At the other end of the scale is ZIP 90210, which covers Beverly Hills. Don’t feel too sorry for these folks (Chart 3). The average price of a property in this area is in excess of $2.7 million, and they still saw appreciation in excess of 50 percent since 2000. Again, the path from its value in 2000 to today’s average sales price is not a straight line; substantial volatility exists because of the wide variety of homes being bought and sold each quarter.

We also searched for other ZIP code characteristics that might vary systematically with appreciation since 2000. A wealth of such ZIP code information about LA County is available on the Los Angeles United Way’s website. We explored whether variations among ZIP codes in total population, population density, distances from certain location, median household income, and some other characteristics showed much correlation with house price appreciation from 2000. The pattern that struck us as most prevalent is the larger appreciation rates among ZIP codes with relatively low house prices in 2000 than among those with relatively high house prices in 2000. The rate of house price appreciation was much higher among those with relatively low house prices in 2000 and much lower among those with relatively high prices in 2000. Chart 4 demonstrates the clear pattern that emerges when we divide the data into three groups: those ZIP codes with 2000 property values less that $95,000 (lowest 10 percent of the distribution); those with 2000 property values above $380,000 (top 10 percent); and those in the middle.

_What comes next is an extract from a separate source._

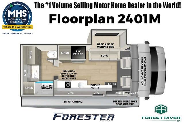 MSRP $213,291. All new 2025 Forest River Forester MBS 2401M for sale at Motor Home Specialist; the #1 volume selling motor home dealership in the world. This beautiful RV rides on the Mercedes Benz Sprinter Chassis and features flush floor bedroom and living areas. This well equipped RV features the optional full body paint, roof mounted solar charging system, auto leveling system, and the premium camping package which includes undermount 1.3 stainless steel convection microwave, 10 Cu. 12V Refrigerator, back up camera/side view cameras with monitor, Winegard 360+ antenna with gateway WiFi capability, 12V bedroom TV, slide room toppers, ultra leather driver/passenger seating with boosters, fiberglass running boards, LP quick connect, 15K A/C with heat pump. Shop hundreds of motorhomes including class C diesel RVs at 1 location! Choose from Thor Delano – Tiburon – Chateau – Four Winds – Quantum – Entegra Coach Qwest – Qwest SE – East to West Entrada M Class – Forester MBS – Dynamax Isata 3 and much more. We also sell quality pre-owned models such as Jayco Melbourne – Melbourne Prestige – Tiffin Wayfarer – Forest River Sunseeker MBS – Solera – Winnebago View – Navion – Vita – Porto – Renegade Vienna – Coachmen Prism – Prism Elite – Grand Design Lineage – Holiday Rambler Element and much more. Visit MHSRV.com for our complete line-up and the sale prices that have made us the #1 volume selling motor home dealership in the world 12 years in a row! For additional details on this unit and our entire inventory including brochures, window sticker, videos, photos, reviews & testimonials as well as additional information about Motor Home Specialist and our manufacturers please visit us at MHSRV.com or call 800-335-6054. At Motor Home Specialist, we DO NOT charge any prep or orientation fees like you will find at other dealerships. All sale prices include a 200-point inspection, interior & exterior wash, detail service and a fully automated high-pressure rain booth test and coach wash that is a standout service unlike that of any other in the industry. You will also receive a thorough coach orientation with an MHSRV technician, a night stay in our delivery park featuring landscaped and covered pads with full hook-ups and much more! Read Thousands upon Thousands of 5-Star Reviews at MHSRV.com and See What They Had to Say About Their Experience at Motor Home Specialist. WHY PAY MORE? WHY SETTLE FOR LESS?
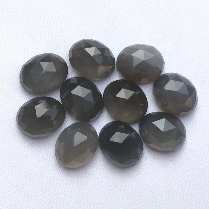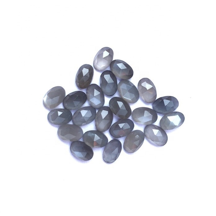 Explore in english - 8x10mm Gray Moonstone Rose Cut Oval Loose Gemstones

The ZIP codes with the lowest initial values increased by 211 percent, on average, versus only 142 percent for those with the highest initial values. The case of 90802, in Long Beach, is an obvious example of this. Average sales prices there increased from $86,000 to over $380,000 since 2000.

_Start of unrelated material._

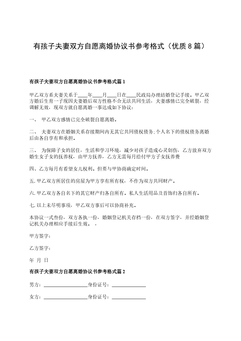 有孩子夫妻自愿协议离婚范本如何写篇8

We also found that, on average, house price appreciation was higher in ZIP codes with relatively low median household incomes in 2000, and vice
versa (Chart 5). For those ZIP codes in which median household income in 2000 was below $42,000 (lowest 10 percent of ZIP code incomes), house price appreciation averaged 205 percent. For those on the other end with median household income in 2000 in excess of $113,000 (top 10 percent of ZIP code incomes) house price appreciation was only 80 percent.

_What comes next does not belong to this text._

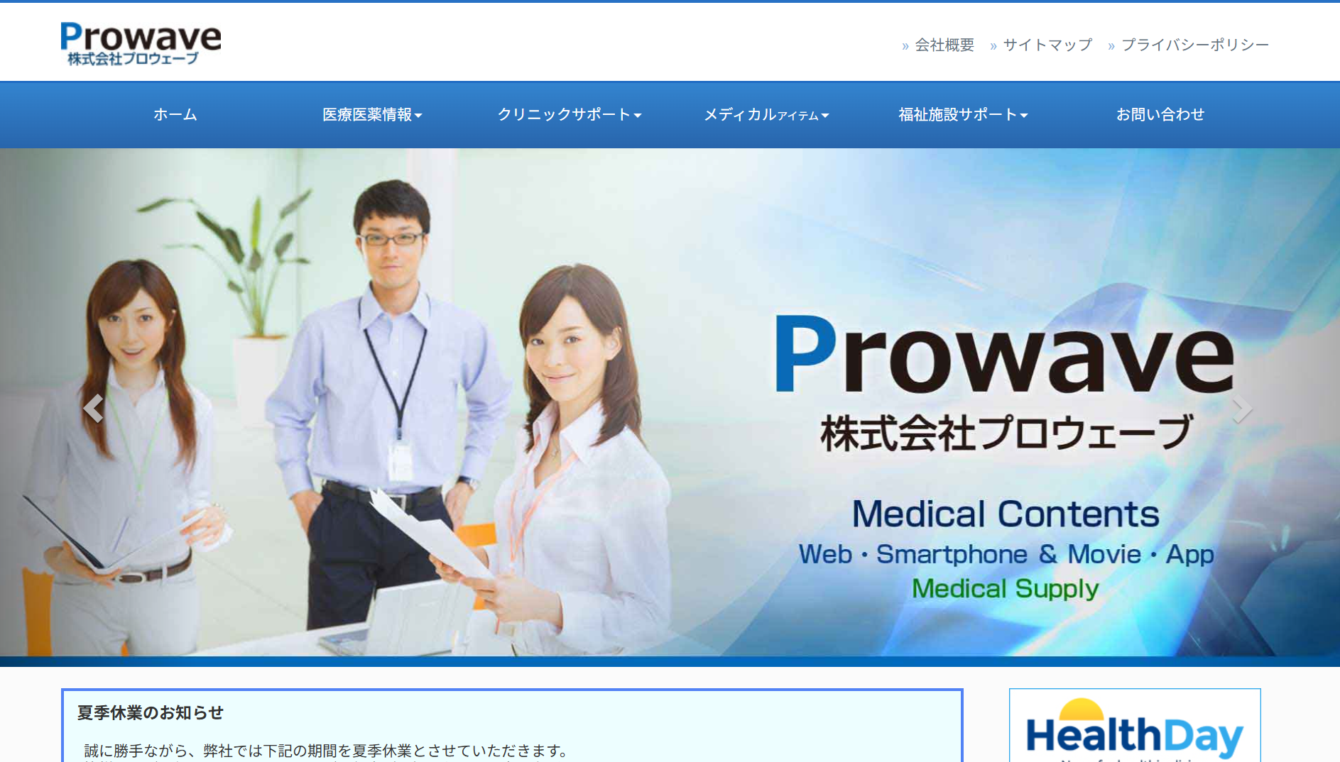 株式会社プロウェーブは、医療・医薬分野に特化した動画制作やコンテンツ制作を中心に、医療機関や製薬企業、福祉施設の情報発信を支援する企業です。薬事法やプロモーションコードを遵守し、医療現場の信頼性を損なわない映像制作を行うことを重視。年間50本以上の医療・医薬関連動画を手がけ、専門医監修やメディカルライターによる台本制作にも対応しています。さらに、クリニック向けのMEO対策・ホ ームページ制作・患者向け情報提供なども展開し、医療現場と患者をつなぐ情報サポートを実現しています。

One possible explanation for these findings is the boom in subprime lending since 2000. The plethora of affordable housing loan products allowed more people in the lower portions of the income distribution to qualify and own homes than ever before. One possible consequence is a relatively strong growth in the demand for housing by these households and, consequently, relatively strong house price appreciation in these properties. The story to this point is a feel-good story. While there surely were variations among places, almost everyone enjoyed substantial house price appreciation if we look back to 2000. The more recent history is not so uplifting (Chart 6). The median appreciation rate over this period is, essentially, zero; half of the ZIP codes showed increases in average sales prices, and half showed decreases. Twenty-five percent experienced declines of at least 4 percent in values. The critical issue, in our view, is whether the places with the largest price declines are those which benefited the most from the boom in subprime lending. So far, our statistical analysis and our perusal of the patterns do not suggest this is the case.

What does the future hold in terms of house price appreciation for Los Angeles and for other places? This is the question we’ll tackle in our next two articles. We’ll rely upon a new source of information — the Chicago Mercantile Exchanges new futures market in house prices. We’ll also suggest how one can gauge the overall market’s perception of house price appreciation by examining rent-to-value ratios. In the meantime, if you have any comments on these first two articles, or suggestions for futuretopics, please let us know. By the way, we won’t always focus on Los Angeles County, which may interest those other 95 percent of the population who, like us, live somewhere else.